── DATA SHOWN

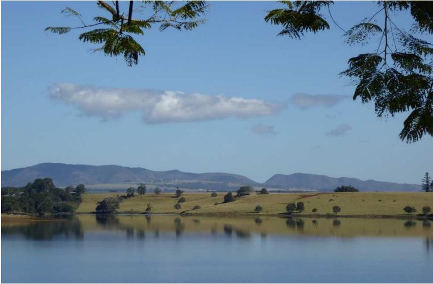
Yr olygfa dros Lyn Tinaroo – tebyg i adre, efo gwartheg duon yn porri (y dotiau ar y dde)

Awstralia, medda nhw, ydi'r unig le sy'n wlad, yn ynys ac yn gyfandir yr un pryd. Mi alla' inna' dystio i sicrwydd ei bod yn gythra'l o wlad fawr fel y gwelais i pan e's i yno am ddeufis yr haf 'ma (2014). Fy anrheg ymddeoliad i mi fy hun oedd y trip ac, wrth lwc, mi oedd gen i le i aros efo teulu yng Nghwïnsland a chyfaill yng Nghanberra. Doeddwn i ddim wedi gwneud unrhyw gynllun o flaen llaw o be o'n i am wneud yno. Mi oedd yn well gen i jyst dilyn fy nhrwyn a chymryd cyngor rhai sy'n gyfarwydd â'r lle ar ôl cyrraedd. Felly bu hi, a heblaw am dridiau ar drip twristaidd i'r 'canol coch' i weld Uluru (y graig fawr goch honno yn yr anialwch) a diwrnod ar y Barrier Reef, felly bu hi.
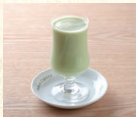
ミックスジュース Mixed Juice
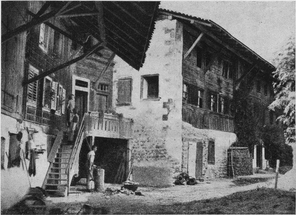
Das uralte Rathaus
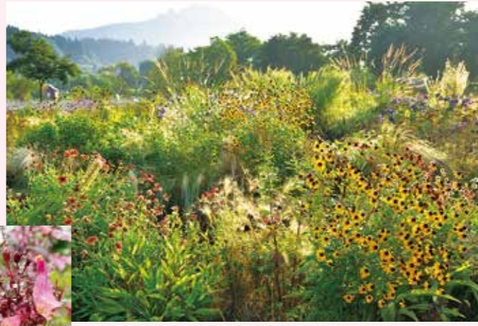
スパイラルガーデン 8月
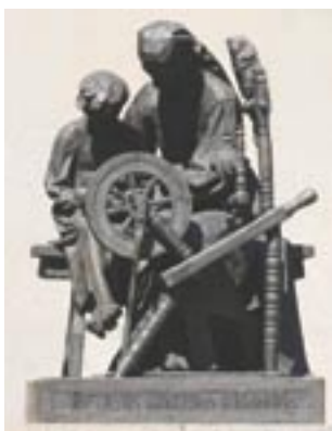
△ „Lietuvos mokykla spaudos draudimo metais“ (skulpt. P. Rimša, 1941)

1940 m. birželį Sovietų Sąjunga okupavo Lietuvą.
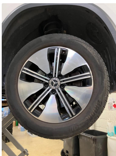
1.1 Kantkjørt felg Diamond Cut
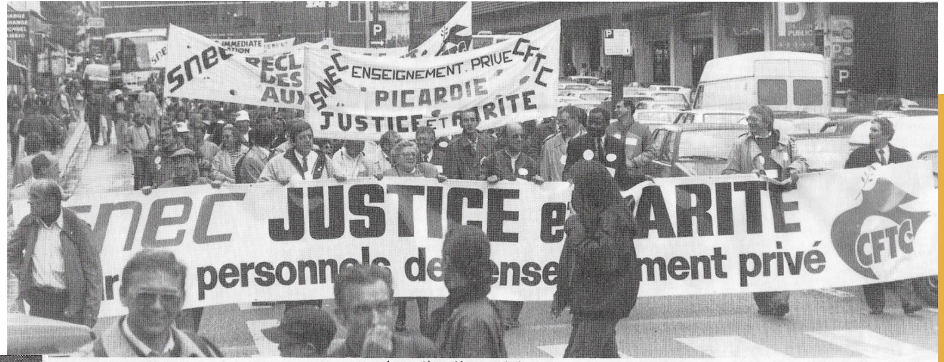
Le cortège démarre de la gare
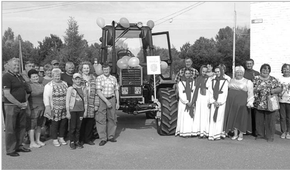
Сельское поселение «Итомля». Поставка колесного трактора «Беларус 82.1»

────

ACTIVITY: Your answer is an exact copy of the records above, stripped of pictures.

EXERCISE RESPONSE:
Yr olygfa dros Lyn Tinaroo – tebyg i adre, efo gwartheg duon yn porri (y dotiau ar y dde)

Awstralia, medda nhw, ydi'r unig le sy'n wlad, yn ynys ac yn gyfandir yr un pryd. Mi alla' inna' dystio i sicrwydd ei bod yn gythra'l o wlad fawr fel y gwelais i pan e's i yno am ddeufis yr haf 'ma (2014). Fy anrheg ymddeoliad i mi fy hun oedd y trip ac, wrth lwc, mi oedd gen i le i aros efo teulu yng Nghwïnsland a chyfaill yng Nghanberra. Doeddwn i ddim wedi gwneud unrhyw gynllun o flaen llaw o be o'n i am wneud yno. Mi oedd yn well gen i jyst dilyn fy nhrwyn a chymryd cyngor rhai sy'n gyfarwydd â'r lle ar ôl cyrraedd. Felly bu hi, a heblaw am dridiau ar drip twristaidd i'r 'canol coch' i weld Uluru (y graig fawr goch honno yn yr anialwch) a diwrnod ar y Barrier Reef, felly bu hi.
ミックスジュース Mixed Juice
Das uralte Rathaus
スパイラルガーデン 8月
△ „Lietuvos mokykla spaudos draudimo metais“ (skulpt. P. Rimša, 1941)

1940 m. birželį Sovietų Sąjunga okupavo Lietuvą.
1.1 Kantkjørt felg Diamond Cut
Le cortège démarre de la gare
Сельское поселение «Итомля». Поставка колесного трактора «Беларус 82.1»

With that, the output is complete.